One of the things I started in 2017 and wanted to get more knowledge about in 2018 was Hadoop. While it is possible and very easy to run Hadoop on a single machine, this is not what it is designed for. Using it in such a way would even make your program run slower because of the overhead that is involved. So since Hadoop is designed for big data, and distributes that data over a cluster of machines it makes sense to also run it like this. While it is possible to have many nodes running on the same machine, you would need to setup quite a lot of configuration to prevent port collisions and such. On the other hand I don’t have a cluster available to do some experimenting with. Although I know it is possible to get some free tier machines at cloud providers such as Amazon, this is not something I want to do for a minor experiment like this. Instead I have chosen to create a virtual cluster by using Docker.
Not only does docker allow me to create a virtual cluster of nodes that have identical configuration, it also creates a more real-life setup. All the different clusters will have their own file system completely separate from the rest, you can selectively inspect and bring down a node to see how the cluster reacts.

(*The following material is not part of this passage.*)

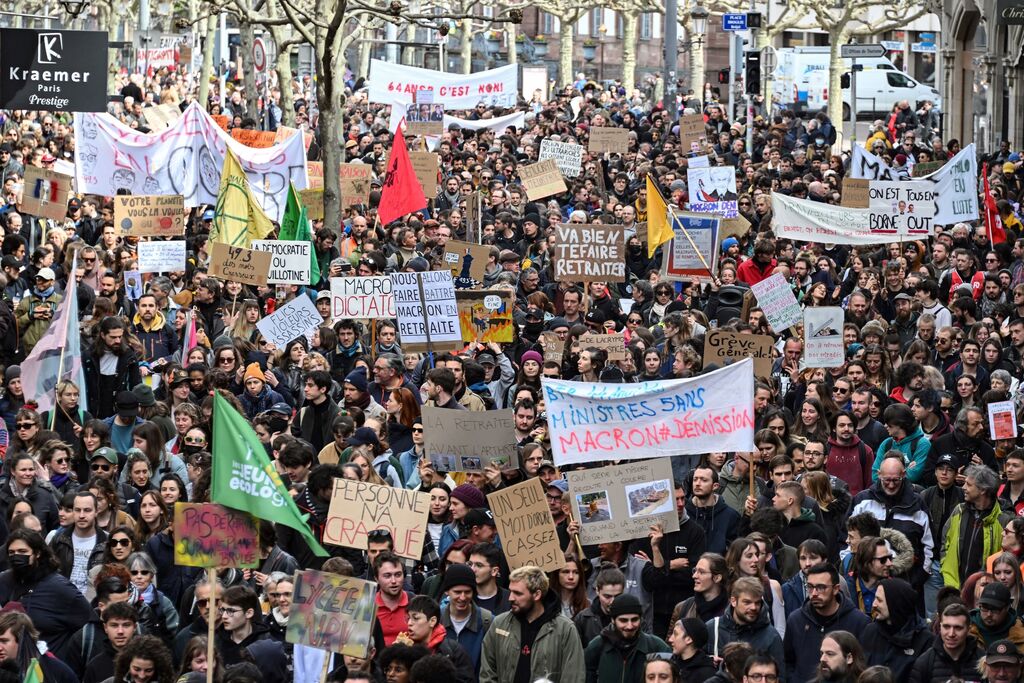 | Des manifestants contre la réforme de retraites à Strasbourg, en France. |

By choosing Docker I also hit two birds with one stone as it allows me to:
- Freshen up my docker knowledge
- Get a taste of Hadoop
I am in many aspects a minimalist. I always wonder how heavy my application is both with regards to memory and CPU usage. I do the same with my docker container. I always want to keep the size of the container as small as possible, but with Java this is not very easy.
So I started my journey with Alpine, on which I installed bash and Java, which is a hard requirement. Java could however not run due to some weird issues. I guess (and have read about it) that they are caused by some compiler/library which is different. But even using the version that was suggested did not fix the problem.
It didn’t take long before I gave up on this minimalistic endeavour as it is not the core of this experiment. I may look into it again at a later point, when I have my docker cluster running. But for now I decided to use the official Java 8 container.
My first experiment consisted of having Hadoop installed in a container and let it run a job. As a first test I used the included example (WordCount), which did not run immediately due to the class not being found. In contrary to what the example tells, I had to specify the fully qualified name of the class. This is a quick fix but an important one and something we should keep in the back of our mind.
Before doing the actual setup of a cluster I wanted to work out some small use case of my own. I decided on a very simple one, which consists of going through a log file and count how often we received a message from each client. Although in general it was easy to get this working, I did encounter my first problem where my output directory remained empty. It was not that easy to figure out because the log file didn’t immediately show the problem, but I was able to discover that it was caused by a NullPointerException as there was a line that did not match the expected format. In the end it was pretty easy to get my use case working.
For the actual cluster, I based myself on work from others, which made it very easy. To do this, I had to start using docker compose as I have to start a bunch of containers that are linked together instead of single containers. I also glanced into docker swarm, but this would only be required if I really had multiple devices. I created separate docker images for the datanode and namenode to allow for different configuration, they are of course based on the same general hadoop image. It was pretty easy to get my namnode up and running and have a bunch of datanodes connect to it.
But as I was going through the web interfaces I noticed that the log files were not available. Going back to the Hadoop setup page I noticed that they used a different script to setup the node as a daemon. This is not useable with docker as the script will spawn a child process and the original process itself will terminate, meaning the docker container will exit. Instead I had to keep using the direct ‘hdfs namenode’ approach. But I did notice that running the daemon script did have the logs file, where mine did not. After some examination of what this script does, and how configuration is used I discovered all I had to do was set an environment variable to write to file instead of the console.
So now I have a Hadoop cluster running consisting of a namenode and some datanodes. I still haven’t done anything with them, and that will be the topic of my next blog post. If you are interested in my docker cluster, you can find all the of the files on my GitHub account.